Give the listing again, word for word, and let no picture into it.

##### Data section #####

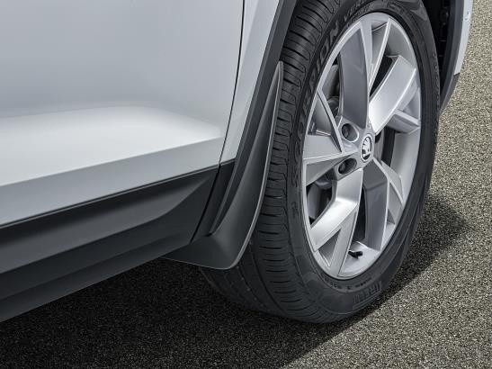 Les bavettes avant sont un autre des accessoires pratiques de la gamme d'accessoires d'origine ŠKODA qui augmentent l'utilité du véhicule. Elles protègent les parties inférieures de la carrosserie de la saleté et des dommages causés par les pierres et les débris qui les heurtent. Les bavettes sont particulièrement utiles en hiver, lorsque le sel corrosif répandu sur les routes adhère généralement aux bavettes plutôt qu'à la carrosserie du véhicule. Leur géométrie est parfaitement adaptée à celle des passages de roue afin d'éviter toute perte aérodynamique. Les bavettes sont fabriquées à partir d'un matériau plastique de haute qualité qui conserve sa forme entre -50 °C et +50 °C. Elles sont résistantes aux produits chimiques (sel de déneigement, huile et carburant) et aux rayons UV. Et comme elles se fixent facilement sur les passages de roue, il n'est pas nécessaire de modifier la carrosserie, ce qui signifie que la protection contre la corrosion reste intacte.
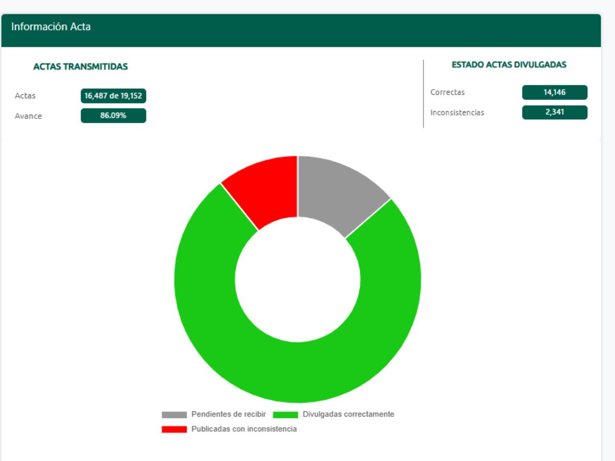 Según la información oficial del Consejo Nacional Electoral (CNE), hasta el último corte se registran 2,341 actas pendientes de revisión, mientras que se han procesado 16,487 de un total de 19,152, lo que representa un 86.9% del escrutinio.
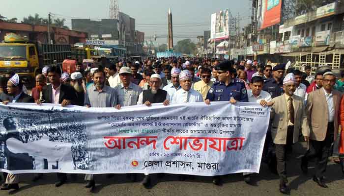 জাতির জনক বঙ্গবন্ধু শেখ মুজিবুর রহমানের ঐতিহাসিক ৭ই মার্চের ভাষণকে দেওয়া ইউনেস্কোর স্বীকৃতি উদযাপনে মাগুরাতে আনন্দ শোভাযাত্রা অনুষ্ঠিত হয়েছে।
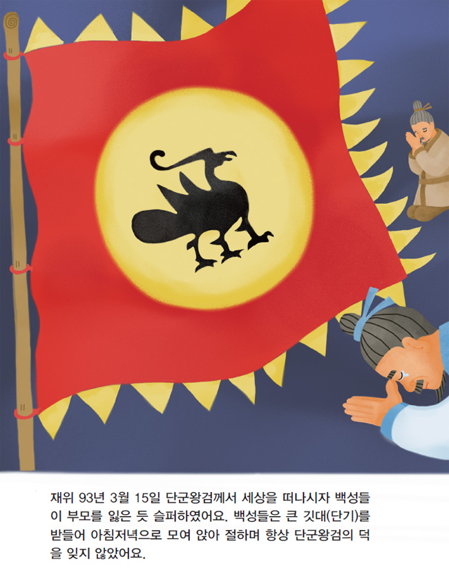 재위 93년 3월 15일 단군왕검께서 세상을 떠나시자 백성들이 부모를 잃은 듯 슬퍼하였어요. 백성들은 큰 깃대(단기)를 받들어 아침저녁으로 모여 앉아 절하며 항상 단군왕검의 덕을 잊지 않았어요.

#####

Expected answer:
 Les bavettes avant sont un autre des accessoires pratiques de la gamme d'accessoires d'origine ŠKODA qui augmentent l'utilité du véhicule. Elles protègent les parties inférieures de la carrosserie de la saleté et des dommages causés par les pierres et les débris qui les heurtent. Les bavettes sont particulièrement utiles en hiver, lorsque le sel corrosif répandu sur les routes adhère généralement aux bavettes plutôt qu'à la carrosserie du véhicule. Leur géométrie est parfaitement adaptée à celle des passages de roue afin d'éviter toute perte aérodynamique. Les bavettes sont fabriquées à partir d'un matériau plastique de haute qualité qui conserve sa forme entre -50 °C et +50 °C. Elles sont résistantes aux produits chimiques (sel de déneigement, huile et carburant) et aux rayons UV. Et comme elles se fixent facilement sur les passages de roue, il n'est pas nécessaire de modifier la carrosserie, ce qui signifie que la protection contre la corrosion reste intacte.
 Según la información oficial del Consejo Nacional Electoral (CNE), hasta el último corte se registran 2,341 actas pendientes de revisión, mientras que se han procesado 16,487 de un total de 19,152, lo que representa un 86.9% del escrutinio.
 জাতির জনক বঙ্গবন্ধু শেখ মুজিবুর রহমানের ঐতিহাসিক ৭ই মার্চের ভাষণকে দেওয়া ইউনেস্কোর স্বীকৃতি উদযাপনে মাগুরাতে আনন্দ শোভাযাত্রা অনুষ্ঠিত হয়েছে।
 재위 93년 3월 15일 단군왕검께서 세상을 떠나시자 백성들이 부모를 잃은 듯 슬퍼하였어요. 백성들은 큰 깃대(단기)를 받들어 아침저녁으로 모여 앉아 절하며 항상 단군왕검의 덕을 잊지 않았어요.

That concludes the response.